Мы сильно сомневаемся, что кто-то заинтересуется нами, вряд ли сейчас в полку вообще есть хоть один офицер, но на всякий случай решаем спуститься на плац — вдруг за прогулкой все же кто-то наблюдает из штаба. Несколько минут маршируем впятером. На плацу уже никого нет, все разошлись, пехотная рота тоже ушла.
— Эй, бойцы, идите-ка сюда, — зовут нас от одного из подъездов.
— Догулялись! — шипит Тренчик на Зеликмана, — сейчас нам навешают. — Надо было сидеть и не высовываться! Не пойдем никуда, сворачивай в казарму.
Мы игнорируем крики и, делая вид, что они относятся не к нам, очень быстро идем в казарму. У подъезда ржут.
Мы влетаем на второй этаж, быстро умываемся и не зажигая света ложимся спать. Простыней под одеялами нет, наволочки на подушках тоже отсутствуют. В матрасах столько пыли, что руки и лицо моментально становятся грязными.

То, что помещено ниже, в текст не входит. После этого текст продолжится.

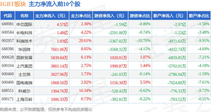 从资金流向上来看,当日IGBT板块主力资金净流出7.87亿元,游资资金净流入2.05亿元,散户资金净流入5.82亿元。IGBT板块个股资金流向见下表: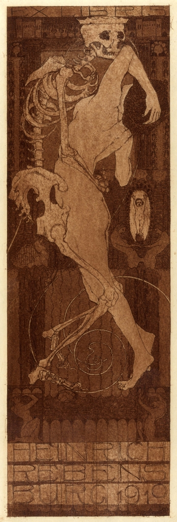 Hasenohr – később felvett művésznevén Hoelloff – eredendően szobrász volt, és a plasztikus formák iránti érzéke ex librisein is megnyilvánult. A barnás alaptónusból szinte kivilágít a női akt, akit a Halált megtestesítő csontváz szorosan magához ölel, jelképezve, hogy mindenki, aki él, halandó, s a Haláltól meg nem menekülhet. Rebensburg, a művész barátja, művészetkritkus volt.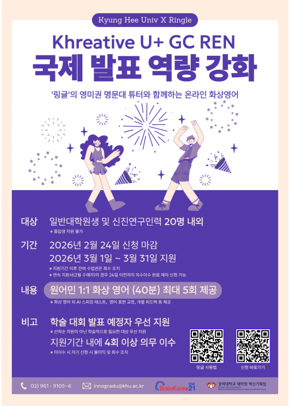 [대학원혁신] Khreative U+ GC REN : 국제 발표 역량 강화 3월 모집

Мне снятся вертушки. Они неслышно кружат высоко в небе над Москвой, над Таганкой, над моим домом и из них весело сыплются серебристые листовки. Люди радуются, тянут руки вверх и хватают эти листовки. Моя мама стоит на балконе и тоже протягивает руки в небо. Она хочет поймать листовку с моим портретом, но меня болтает туда-сюда, как бабочку-капустницу, относит в сторону. Я улыбаюсь. «Мама, — говорю я, — что ты делаешь? Это же не листовки, это пакеты с трупами, разве ты не видишь? Разве вы все не видите, сколько нас, мертвых. Ведь там идет война, а вы ничего об этом не знаете. Почему?» «Я знаю, — говорит мама. — Тебя уже убило». «Нет, я пока еще живой. Помнишь, я писал тебе, что я живой и меня не убьет. Я пока еще в казарме, мама, и у меня все хорошо. Здесь много людей, я не один, у нас все в порядке. Вот, посмотри». Казарма наполняется шумом, гулом, хлопают двери, какие-то люди ходят по расположению, включают свет, бренчат оружием. Я осознаю это сквозь сон, думаю, что это мне все ещё снится. «Вот видишь, мама, это все мертвые. Они были в Чечне. А я еще в Моздоке, я живой…»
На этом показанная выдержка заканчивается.